What you should do: Among the entries below, one stretch runs from the line that contains "Figure 4. (a)" through the line that contains "A l'étage: spacieuse". Repeat that stretch exactly, ends included, and only that.

Data under study:

================

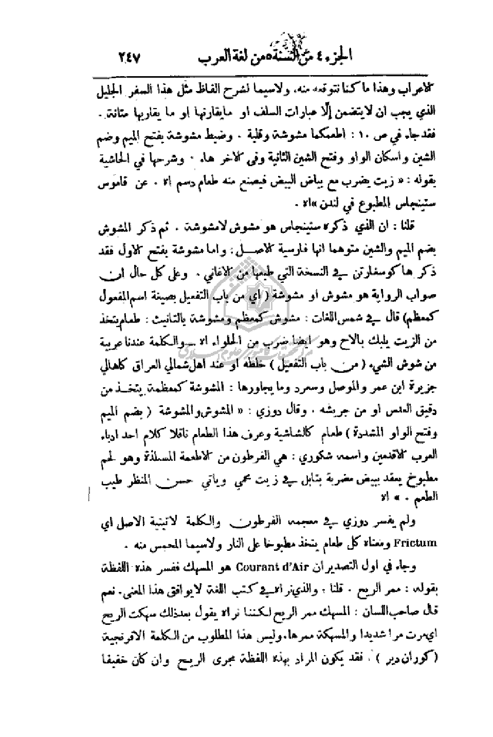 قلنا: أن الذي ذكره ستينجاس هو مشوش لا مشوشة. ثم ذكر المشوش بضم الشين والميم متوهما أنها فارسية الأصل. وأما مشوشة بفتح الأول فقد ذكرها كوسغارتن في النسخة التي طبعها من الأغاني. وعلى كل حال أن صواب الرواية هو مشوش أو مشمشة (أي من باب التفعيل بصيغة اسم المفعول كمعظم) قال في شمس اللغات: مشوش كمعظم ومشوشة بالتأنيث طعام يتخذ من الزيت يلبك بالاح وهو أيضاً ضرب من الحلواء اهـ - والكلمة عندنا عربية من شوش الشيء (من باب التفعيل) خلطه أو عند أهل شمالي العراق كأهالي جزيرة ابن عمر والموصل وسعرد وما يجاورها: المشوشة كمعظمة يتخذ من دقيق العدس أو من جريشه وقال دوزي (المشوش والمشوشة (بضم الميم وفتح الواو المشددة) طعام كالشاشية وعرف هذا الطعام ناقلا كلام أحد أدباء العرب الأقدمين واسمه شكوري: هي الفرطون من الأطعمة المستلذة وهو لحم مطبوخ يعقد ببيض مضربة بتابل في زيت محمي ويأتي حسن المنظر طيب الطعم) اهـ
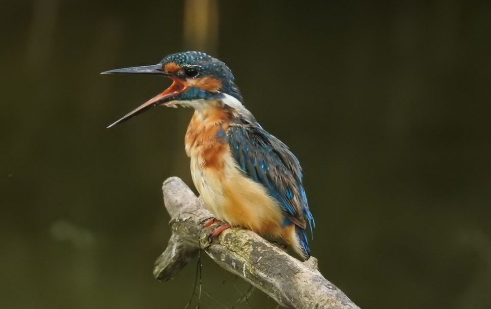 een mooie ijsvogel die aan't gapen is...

================

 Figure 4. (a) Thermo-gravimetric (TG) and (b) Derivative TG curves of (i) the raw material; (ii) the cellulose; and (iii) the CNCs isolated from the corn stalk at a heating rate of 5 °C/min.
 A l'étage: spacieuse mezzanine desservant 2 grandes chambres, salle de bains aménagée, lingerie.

================

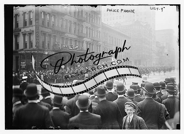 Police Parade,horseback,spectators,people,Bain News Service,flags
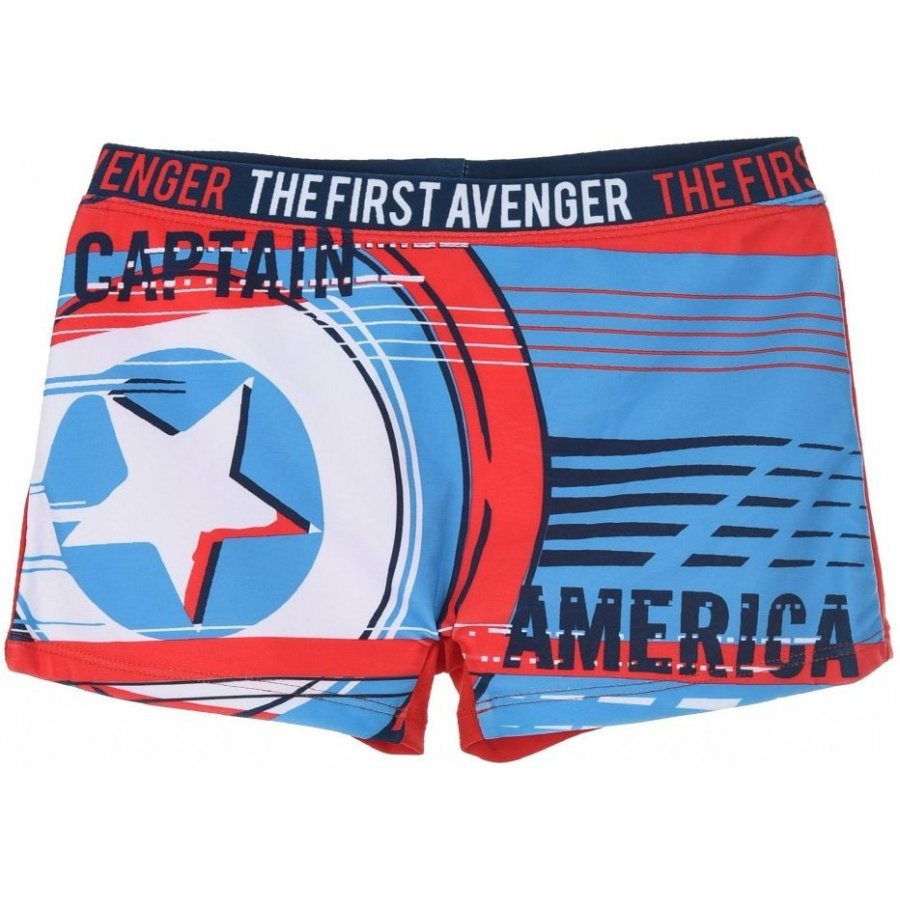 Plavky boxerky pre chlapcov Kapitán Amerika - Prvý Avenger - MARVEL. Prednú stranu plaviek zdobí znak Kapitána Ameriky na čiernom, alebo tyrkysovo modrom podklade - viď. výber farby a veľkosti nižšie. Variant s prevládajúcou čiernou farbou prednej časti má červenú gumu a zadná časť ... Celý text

================

Task output:
 Figure 4. (a) Thermo-gravimetric (TG) and (b) Derivative TG curves of (i) the raw material; (ii) the cellulose; and (iii) the CNCs isolated from the corn stalk at a heating rate of 5 °C/min.
 A l'étage: spacieuse mezzanine desservant 2 grandes chambres, salle de bains aménagée, lingerie.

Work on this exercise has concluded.